The reason we do not remember past lives is because human memory starts with birth and the limitations of the physical brain. In my philosophy we have always existed as non physical spirits, and we incarnate in a physical body for experience sake.

According to theosophy we have a number of non physical bodies which interpenetrate one another. There is the etheric body which is a shell that channels consciousness down into the brain from the higher bodies, such as the astral and mental body. But the spirit is contained in the causal body, and all memory of past lives is contained in the causal body.
 
The reason we do not remember past lives is because human memory starts with birth and the limitations of the physical brain. In my philosophy we have always existed as non physical spirits, and we incarnate in a physical body for experience sake.
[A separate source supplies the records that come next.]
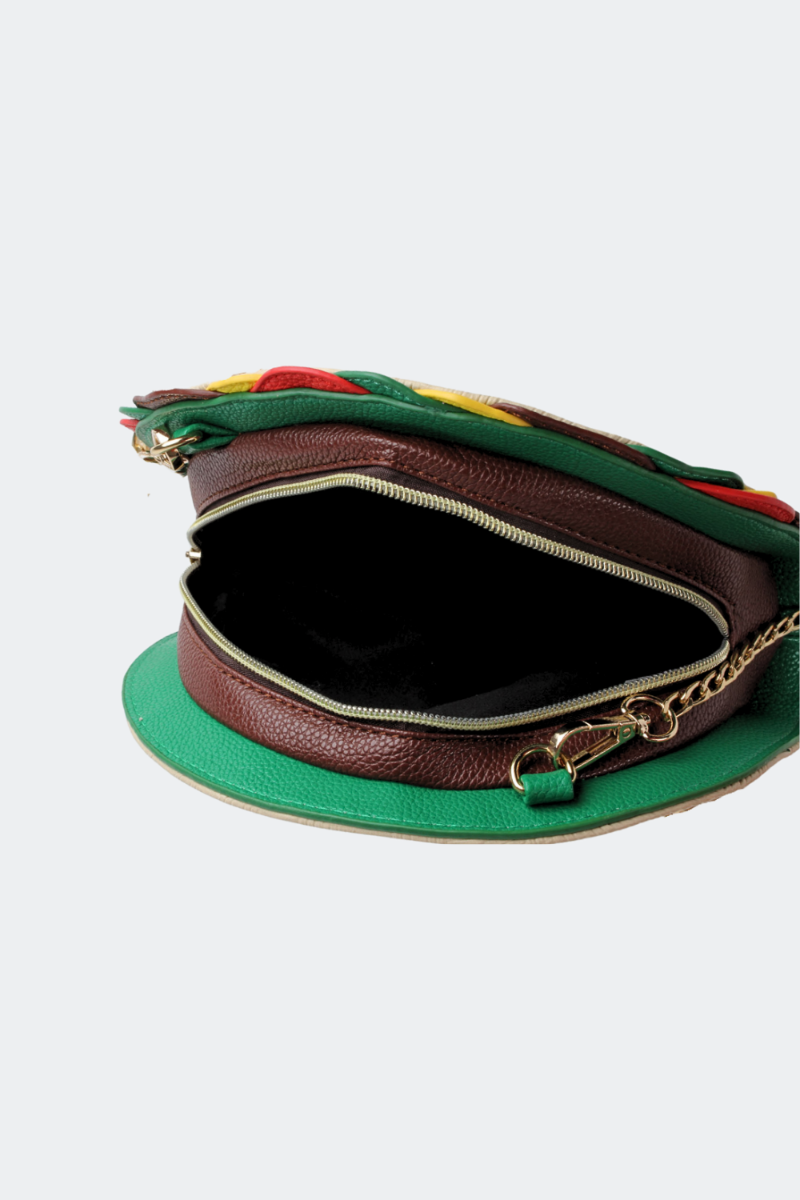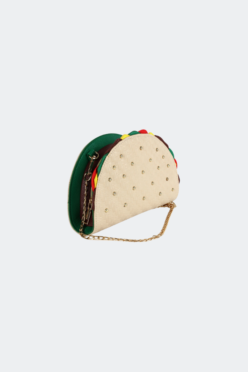 Retro taco crossbody bag, featuring stud detail and detachable gold tone chain. Including a dust bag. Can be worn as a shoulder bag.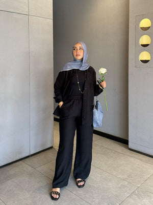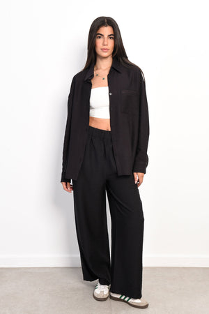 Two Piece Sets Women Elegant Shirt And Wide Leg Pants Made with high-quality materials, this set ensures both style and comfort. Expertly designed for a casual yet trendy look. Upgrade your wardrobe with this must-have set.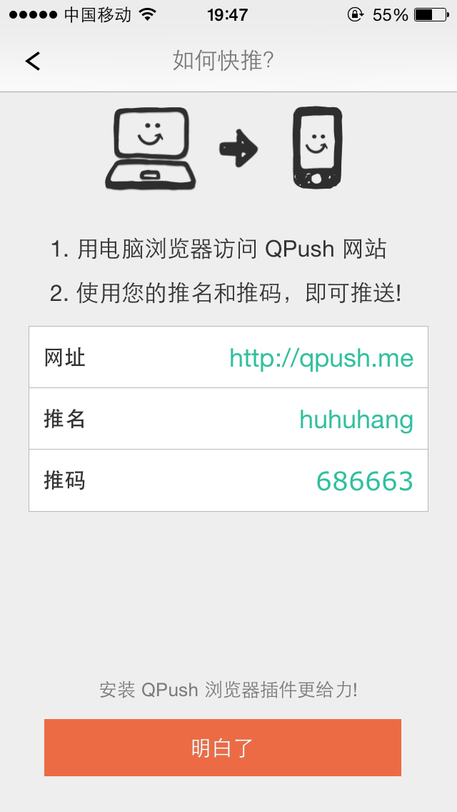 [Expired] 电脑向手机推送文字的便捷工具:QPush 快推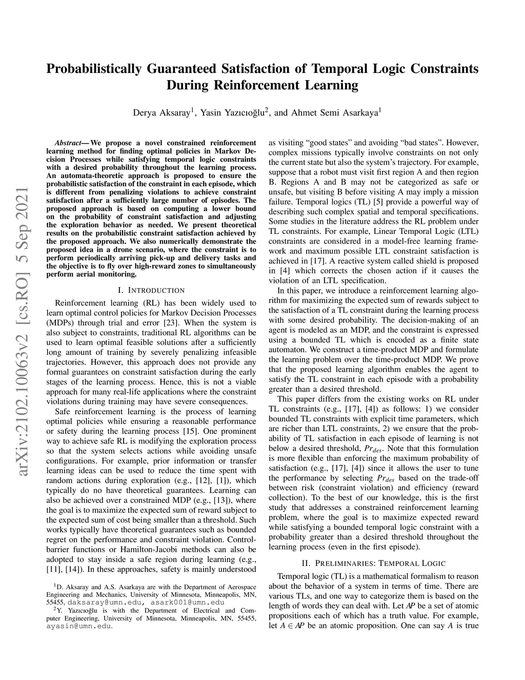 We propose a novel constrained reinforcement learning method for finding optimal policies in Markov Decision Processes while satisfying temporal logic constraints with a desired probability throughout the learning process. An automata-theoretic approach is proposed to ensure the probabilistic satisfaction of the constraint in each episode, which is different from penalizing violations to achieve constraint satisfaction after a sufficiently large number of episodes. The proposed approach is based on computing a lower bound on the probability of constraint satisfaction and adjusting the exploration behavior as needed. We present theoretical results on the probabilistic constraint satisfaction achieved by the proposed approach. We also numerically demonstrate the proposed idea in a drone scenario, where the constraint is to perform periodically arriving pick-up and delivery tasks and the objective is to fly over high-reward zones to simultaneously perform aerial monitoring.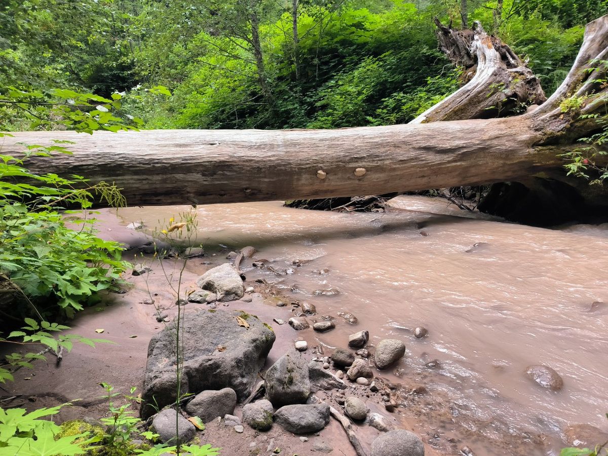 Okay, die Sache mit dem Frühstück in der Timberline Lodge haben wir abgehakt. Zu weit und zu viel Aufstieg. Dann laufen wir eben nur noch so lange weiter, bis wir einen guten Zeltplatz gefunden haben. Schon wieder hört es sich vor uns nach donnerndem Wasser an. Unser Pfad führt zu einem Fluss, der ebenfalls vom Gletscher des Mount Hood gespeist wird. Der Sandy River hat enorme Kraft. Das Wasser ist milchig trüb. Steine in allen Größen im Fluss, aber die Abstände sind groß, und es sieht sehr glitschig aus. Bei dieser starken Strömung möchten wir nicht fjorden. Ein dünner Baumstamm liegt von einem Ufer zum nächsten. Thomas macht einen Probeschritt, das ganze Ding wackelt und dreht sich. Ich fühle mich heute nicht mehr fit genug für jegliche Art von Akrobatik.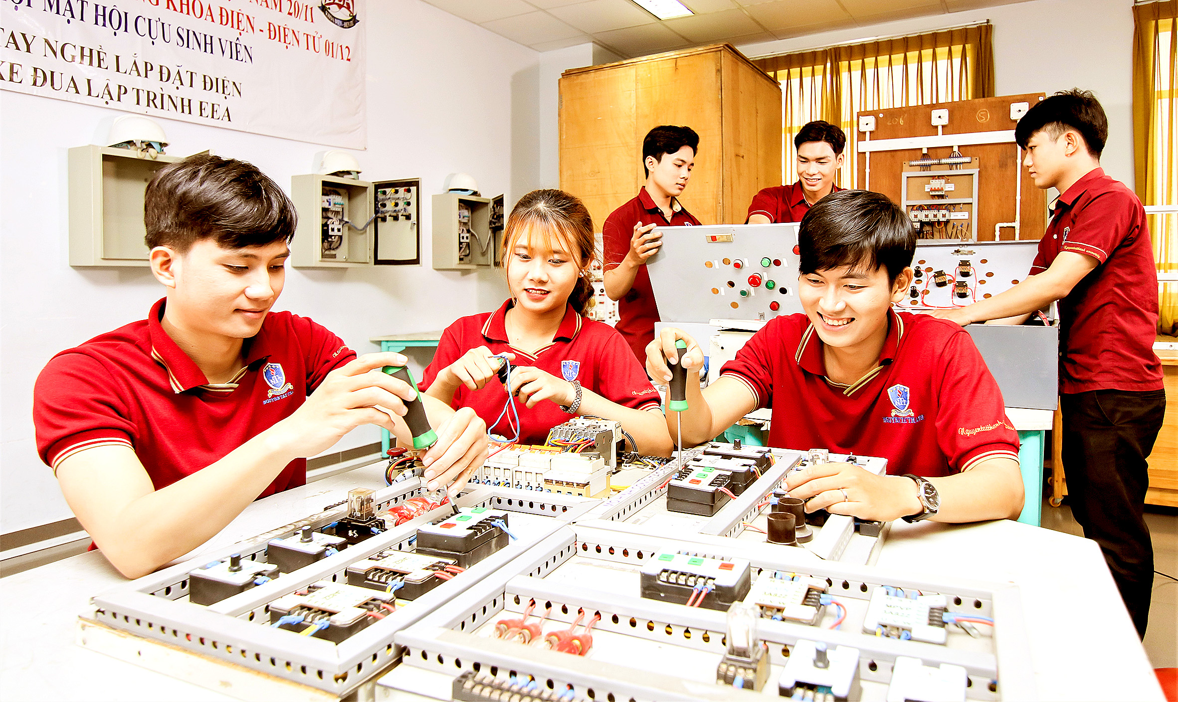 Sinh viên ngành Điện - Điện tử Trường Đại học Nguyễn Tất Thành trong giờ học thực hành

According to theosophy we have a number of non physical bodies which interpenetrate one another. There is the etheric body which is a shell that channels consciousness down into the brain from the higher bodies, such as the astral and mental body. But the spirit is contained in the causal body, and all memory of past lives is contained in the causal body.
One of the many theories you can find about life before birth/after death that abound. What a pity there is no way to test this before we die.
 
The reason we do not remember past lives is because human memory starts with birth and the limitations of the physical brain. In my philosophy we have always existed as non physical spirits, and we incarnate in a physical body for experience sake.

According to theosophy we have a number of non physical bodies which interpenetrate one another. There is the etheric body which is a shell that channels consciousness down into the brain from the higher bodies, such as the astral and mental body. But the spirit is contained in the causal body, and all memory of past lives is contained in the causal body.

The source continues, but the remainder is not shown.